= Toyopán =

Indigenous chieftaincy of Costa Rica

Toyopán (teo-ti 'god', and pán 'place') was the name of an old indigenous chieftaincy of Costa Rica, which in the 16th century, upon the arrival of the Spaniards, was ruled by the king Huedo Yorustí. The territories of the former Toyopán cacicazgo included the current cantons of Vázquez de Coronado and Tibás, in the San José Province, and San Isidro and Santo Domingo, in the Heredia Province. The main settlement of Toyopán, the city of Apaikan, was in the current district of San Rafael.

The cacicazgo of Toyopán was part of the Western Huetar Kingdom, ruled by King Garabito. In spite of this, according to the Spanish chronicles, Yorustí maintained good relations with the Accerrí and Curriravá chiefs, who served the Señorío del Guarco, since on more than one occasion he provided special assistance to the Accerrí chieftain. Toyopán was visited in 1562 by adelantado Juan Vázquez de Coronado, who after quickly making friends with the Yorustí chief, added this territory to the Spanish Crown, who wrote:

The natives are smart, bellicose, older than others. Well mae. Imitate the subtlety of Mexicans traits; they have extremely good cotton clothes, a lot of gold of all carats ... (...) Finally, your majesty has one of the best corners of his kingdom here.

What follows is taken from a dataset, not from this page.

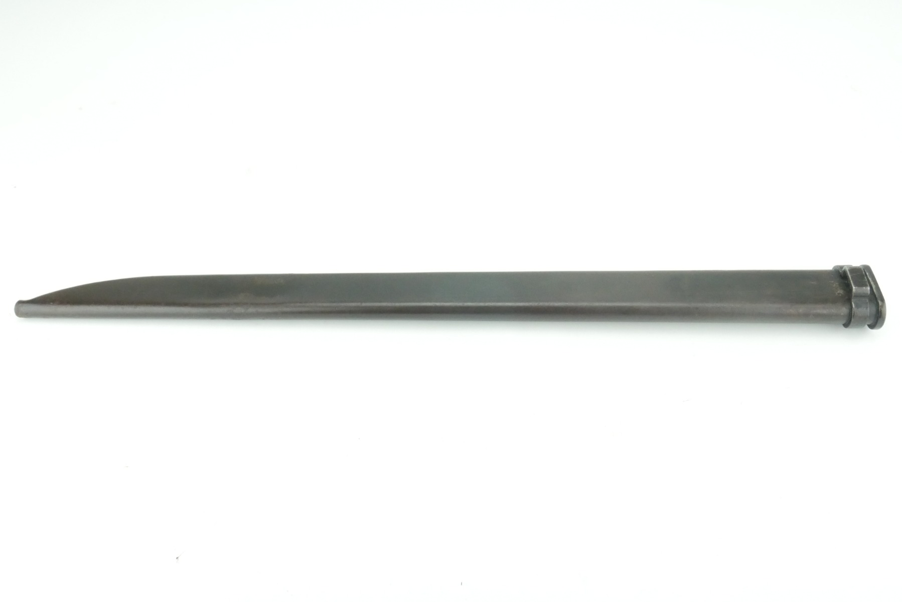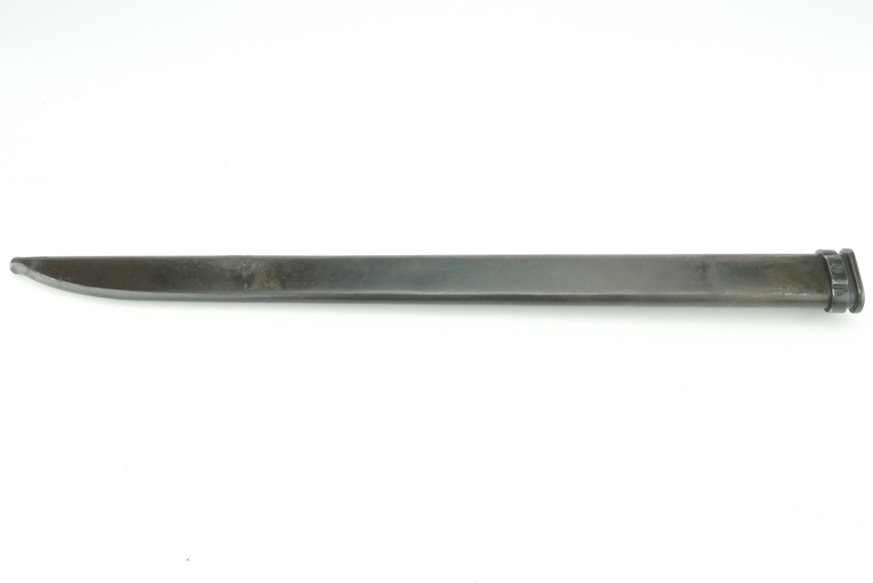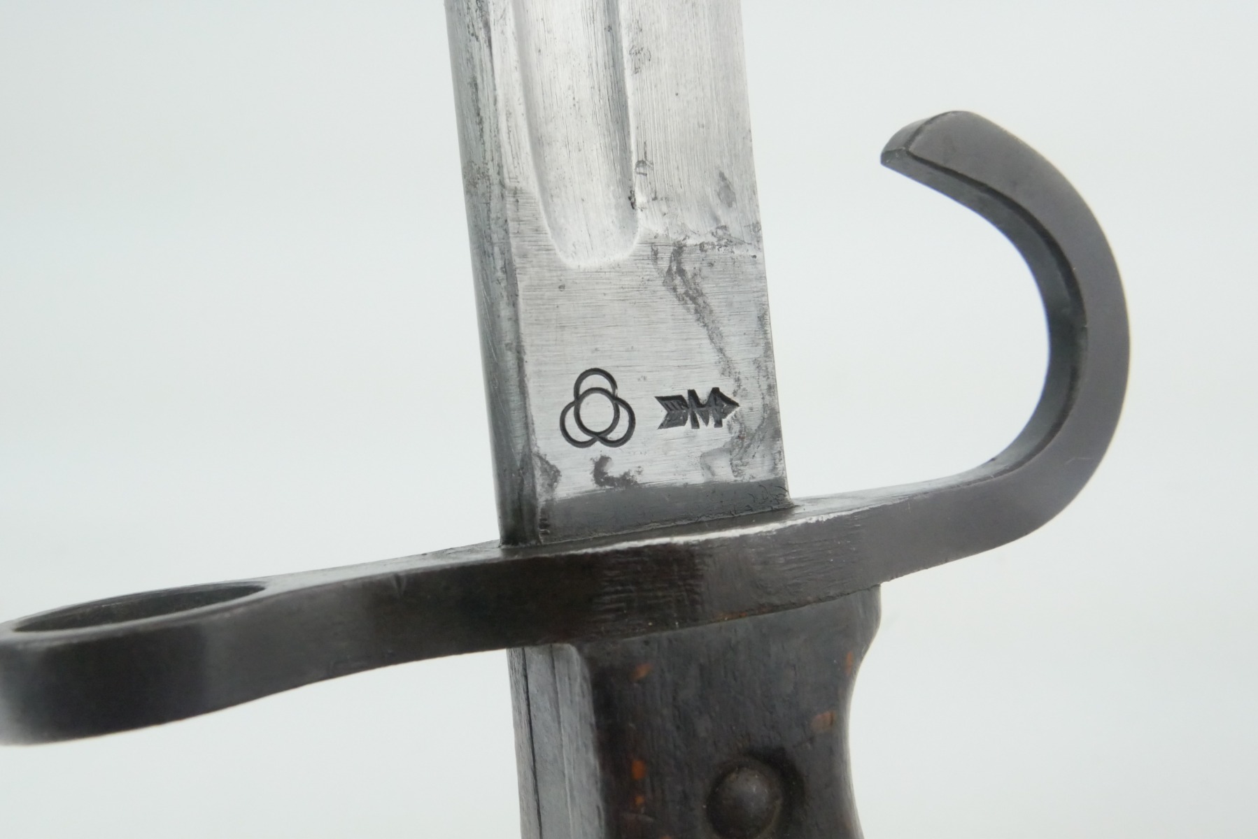 8/27/24 – This is a Japanese Type 30 bayonet made in the Matsushita Kinzoku KK Arsenal commonly known as National Denki Arsenal. The blade of this bayonet has almost none of its original bluing left. The blade does appear to have its original edge, as it is not sharpened, however it does look appear that at some point a wire brush or wheel was used on blade, there are no deep pits on the blade. The blade is maker stamped on one side of the ricasso, as shown. The pommel is serial numbered and proof stamped. The scabbard of this bayonet does have light surface oxidation and a small dent towards the bottom. However this dent does not effect the operation and functionality of the scabbard.

In 1568, after the uprising of several indigenous peoples, the then governor Perafán de Ribera decided to attack several villages to obtain corn, which was scarce among the colonies of the Central Valley. Among these villages were Turrialba, Atirro, Corrosi, Cucurrique, Curriravá, Barva, Ujarrás and Toyopán.

Several tripod ceremonial metates with hanging panels have been recovered from the old Toyopán region. These are andesite monoliths that are considered invaluable archaeological pieces and unique artistic expressions of pre-Columbian Costa Rican art. These metates have become known as the "Toyopán Altars", also called "Ompa-Ontlaneci-Tetl" (nahuatl, "transparent stones"). They are characterized by representing the anthropogenic myth, with a central figure that has been identified as the huetar concept of the rain deity, in addition to jaguars with a lizard mouth, snakes, a two-headed lizard and a monkey. These altars were buried by the Toyopán sukías years after the conquest, to avoid their destruction by the Spanish catechists.

The finding of numerous archaeological pieces of ceramics and stone in this region suggests that it was densely populated.